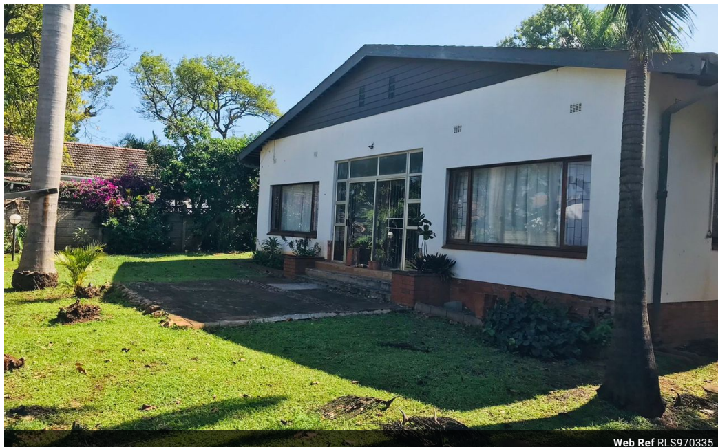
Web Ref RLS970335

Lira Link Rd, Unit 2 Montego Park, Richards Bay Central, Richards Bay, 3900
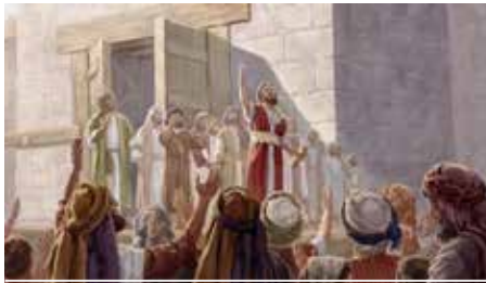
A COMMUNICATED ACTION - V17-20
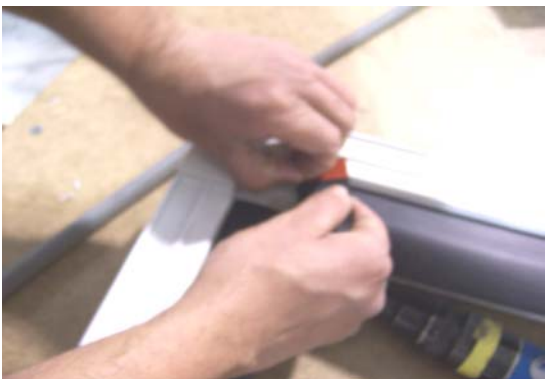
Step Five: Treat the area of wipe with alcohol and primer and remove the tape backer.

* * *

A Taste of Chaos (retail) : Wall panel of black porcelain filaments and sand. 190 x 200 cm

Activity.
Transcribe exactly the lines above, beginning at the one with "Lira Link Rd, Unit" and going up to and including the one with "Step Five: Treat". Pictures do not belong in the copy.

Task answer.
Lira Link Rd, Unit 2 Montego Park, Richards Bay Central, Richards Bay, 3900
A COMMUNICATED ACTION - V17-20
Step Five: Treat the area of wipe with alcohol and primer and remove the tape backer.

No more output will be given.